If you're a good actor with a solid technical setup you're still going to have an occasional delivery problem. This is why monitoring is so crucial. But you're not going to be putting out fires left-and-right, which is what it sounded like what _asciiker_ was saying he is doing.

[jt2190]

True, but _asciiker_ was also saying this:

  > Conclusion: There is no common standard because every 
  > major ISP can set their own standards. This will 
  > eventually force everyone to use the same services 
  > worldwide.
  > 
  > Where's the freedom of choice [of ESP] here?

My point being that the current blacklist-based system is broken from a "freedom of choice" perspective. The current system favors the established ESPs, as the cost of doing it yourself gets larger and larger.

[x0x0]

davideos' point, though:

email users want and expect

[_asciiker_]

Thank you for this insight, I agree with almost all of it.

As an e-mail services provider, I cannot or should inspect what my customers are sending. I can suspend them due to complaints of abuse but the damage is already done.

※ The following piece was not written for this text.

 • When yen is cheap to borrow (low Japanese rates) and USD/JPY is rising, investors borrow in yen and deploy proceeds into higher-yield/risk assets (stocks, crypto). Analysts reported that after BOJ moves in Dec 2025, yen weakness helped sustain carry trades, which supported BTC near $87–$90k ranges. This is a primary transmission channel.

Same goes for tracking. I still say, block domain names, not IPs..

[davideous]

> As an e-mail services provider, I cannot or should inspect what my customers are sending. I can suspend them due to complaints of abuse but the damage is already done.

As an ESP, since you are letting customers send through your IP space, then a bad-apple can hurt the delivery of your other clients.

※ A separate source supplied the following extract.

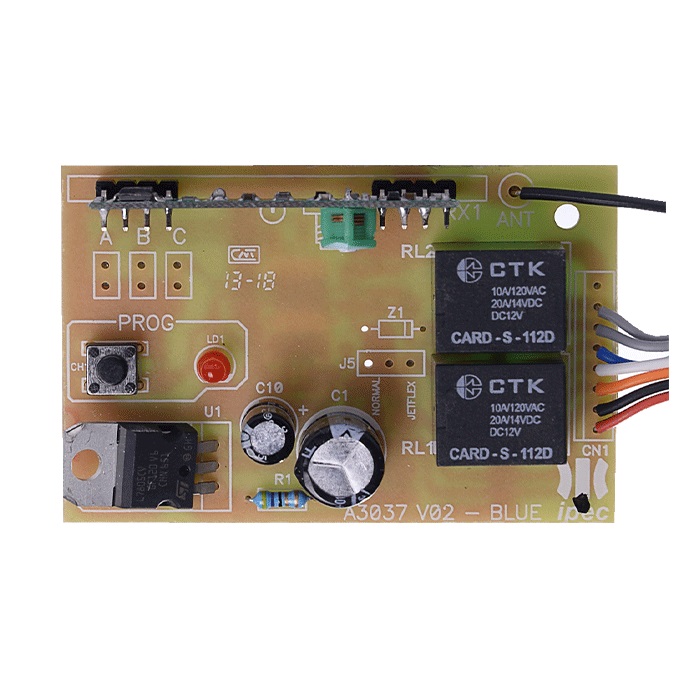 • Possui 1 relé de contato C/NA/NF (RL1) • Possui 1 relé de contato C/NA (RL2) • Cabo Flat de 7 vias sem conector • Tensão de alimentação: 12 / 24 VDC • Fácil programação • Função pulso • Cadastra até 340 controles remotos que utilizam o Encolder HT 6P20B • Cadastra sensores magnéticos code learn • Dimensões Caixa: A 73mm x L 67mm x P 26mm Ao pressionar o botão do controle remoto o relé é acionado

This is one of the big jobs that an ESP has. MailChimp, for example, has invested a ton of effort into detecting bad-apples as early as possible. (There are some really neat big-data techniques.) This is also why SES requires that you start with a smaller quota and build-up.

Some techniques:

* manually reviewing new clients before they send

* giving a new client a limited sending quota, so they build reputation with you over some time

* detect clients/campaigns with high complaints, high bounces, or low opens and take compliance action

* detect a partially-sent campaign with a high bounce rate and suspend it

* don't give any client an unlimited sending quota, so they can't hurt you too badly

> I still say, block domain names, not IPs..

There's a minimum amount of mail volume required to build a reputation. Many of your clients might not have this so they benefit from being lumped-in on an IP reputation.

I don't think IP blocking will ever go away, as it's an effective technique. The threat of an IP block also places some reasonable pressure on ESPs to police their client base.

[drcoopster]

I'm not sure you understand how IP blocking works and why it would be impossible to block domain names the same way.

[_asciiker_]

EDIT: "I'm not sure you understand how IP blocking works and why it would be impossible to block domain names the same way."

If you mean that on the same server the e-mail IP and server hostname will be the same for all the domains, then yes I understand.

But filtering can be changed to achieve domain level validation, not IP. It is done already on our servers.